The unraveling of Tsarist power during the February Revolution, the first stage of the Russian Revolution in 1917, opened new possibilities. The Tsentralna Rada (Ukrainian Central Council) in Kyiv, the All-Ukrainian council (soviet) of the Ukrainian People’s Republic, elected Hrushevsky as chairperson. Under his direction, this body soon became the revolutionary parliament of Ukraine. Hrushevsky joined the newly formed Ukrainian Party of Socialist Revolutionaries, the majority party.  In June 1917, the Ukrainian People’s Republic declared its autonomy and was recognized by the Prime Minister of the Russian Provisional government, Alexander Kerensky. In January 1918, after the Bolsheviks took control in Russia, the Rada proclaimed Ukraine an independent and sovereign state. Three weeks later, the New York Times published excerpts from Hrushevsky’s “Ukraine’s Struggle for Self-Government” and introduced him as “one of the new republic’s most eminent men.” As a radical democrat Hrushevsky successfully opposed a Bolshevik takeover and in April 1918 he was elected president, after the Rada adopted a Ukrainian constitution. But Hrushevsky was soon overthrown in a coup d’état by conservative power brokers. The Ukrainian Bolsheviks decamped for Kharkiv, Ukraine’s second-largest city, and established a rival government there, the Ukrainian Soviet Republic, aided by the bayonets of the Red Army. In the end, the Ukrainian War of Independence (1917-1921) ended disastrously for Ukrainians, their country was divided by Poland and the new Bolshevik regime.
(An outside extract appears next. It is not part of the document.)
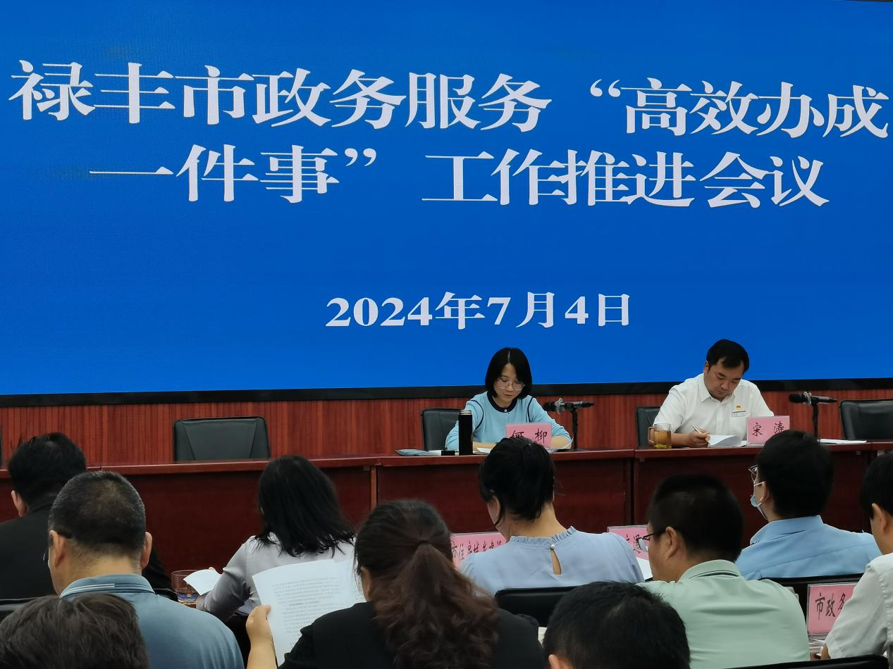 为贯彻落实省、州政务服务“高效办成一件事”工作要求,结合禄丰市实际,进一步推动“高效办成一件事”,2024年7月4日上午,在市政务服务局407会议室组织召开了禄丰市政务服务“高效办成一件事”工作推进会议,“高效办成一件事”涉及部门共41人参加会议。市委常委,市人民政府副市长何柳同志出席会议并讲话。
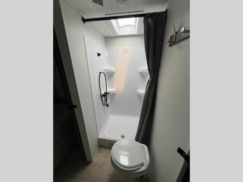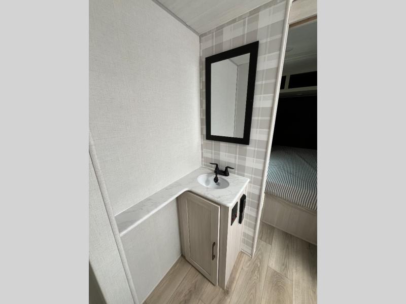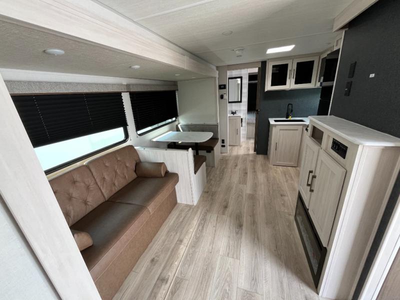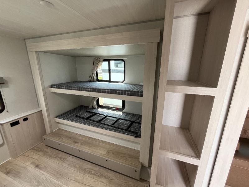 Head to your favorite camping spot with your favorite people in this spacious, dual entry travel trailer! The large slide out houses the booth dinette and sofa where you can relax in the evenings and even let guests sleep over who haven't claimed the triple bunks in the rear bunkhouse. There is also a bunkhouse sofa, two wardrobes, cubbies, and a flip-up desk if you need a space to work. A walk-thru bath is convenient for all, and the full kitchen lets you whip up your best meals in the microwave with an air fryer. There is also a walk-in pantry with washer and dryer prep if you choose to add those appliances. When it's time to call it a night, the front master bedroom with a queen bed will provide you with your own space to retreat to, and there are dual bedside wardrobes to keep your clothes organized.

Map of Ukraine, showing the country' proposed borders. Prpared for the Paris Peace Conference at the end of World War I

Map of Ukraine, showing the country’ proposed borders. Prepared for the Paris Peace Conference at the end of World War I, 1918.

The Ukrainian Soviet Socialist Republic, also known as Soviet Ukraine, was one of the constituent republics of the Soviet Union. In 1923, its All-Ukrainian Academy of Sciences elected Hrushevsky as full member and he returned to Kyiv. He held the chair of Modern Ukrainian History and edited the journal Ukraïna from 1924 to 1930, the official publication of the historical section of the All-Ukrainian Academy of Sciences. By 1929, with the power of Stalinist operatives on the rise, attacks on Hrushevsky increased, for not adopting official Soviet Marxist interpretations. He was arrested in March 1931, subjected to constant surveillance, and forced to live in Moscow. Like many other Ukrainian intellectuals, most of his students and co-workers were arrested and repressed. Many subsequently died, murdered by the Stalinist regime.  Hrushevsky himself died in suspicious circumstances, after what should have been minor surgery, in 1934.
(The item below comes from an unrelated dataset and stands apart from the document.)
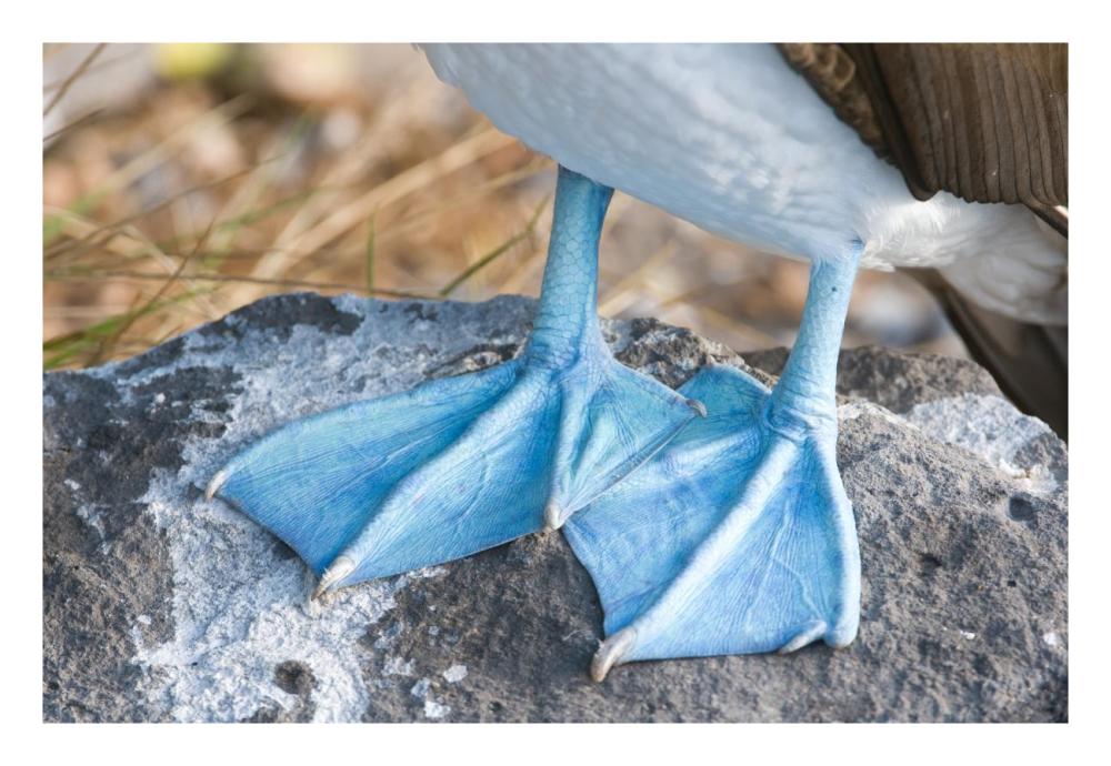 The photograph features Blue-Footed Booby feet from the Galapagos Islands, Ecuador.

I thought of Klaus-Detlev Grothusen several times these last weeks, how his eyes lit up when he played music composed by Tchaikovsky, or when he read poetry from Taras Shevchenko’s Kobzar, one of the seminal works of Ukrainian literature. But I also remember Grothusen’s discussion of the Stalinist system. He quoted Stalin himself, who tried to legitimize his methods by saying darkly that “Russians need a tsar.”

Stalin and Putin share the belief that coercion and autocracy are essential tools in their tool chest. Ukraine, a country that was brutally repressed by Stalin, is now attacked by Putin who seems determined to liquidate its ­independence. Ukraine is a viable nation state, Europe’s second-largest country, with 44 million Ukrainian citizens.  Let’s all help to make sure Ukraine endures and flourishes.